**Task to carry out**: Could you output each line below exactly as it appears, excluding any pictures?

**Data segment**:

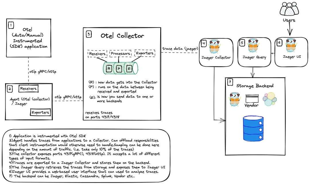 检测我们的应用程序。收集和处理数据。存储和可视化数据,以便我们可以查询它。为此我们可以使用两个开源项目:OpenTelemetry和Jaeger。
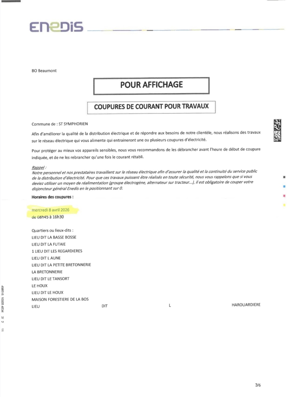 Coupure de courant pour travaux 8 avril 2026
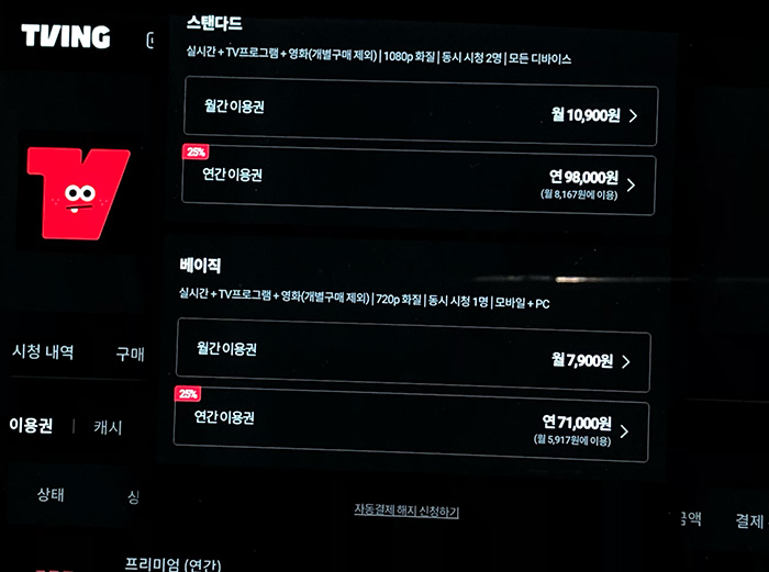 저는 앞에 소개했던 내용처럼 티빙 1년짜리 연간이용권을 결제하고 이용 중입니다. 보통은 월마다 이용권을 결제하고 사용하는 방식인데 "연간이용권"은 1년짜리 구매라 나름 저렴합니다. (기본 25% 정도 세일 기간에 40%까지)

**Problem solution**:
 检测我们的应用程序。收集和处理数据。存储和可视化数据,以便我们可以查询它。为此我们可以使用两个开源项目:OpenTelemetry和Jaeger。
 Coupure de courant pour travaux 8 avril 2026
 저는 앞에 소개했던 내용처럼 티빙 1년짜리 연간이용권을 결제하고 이용 중입니다. 보통은 월마다 이용권을 결제하고 사용하는 방식인데 "연간이용권"은 1년짜리 구매라 나름 저렴합니다. (기본 25% 정도 세일 기간에 40%까지)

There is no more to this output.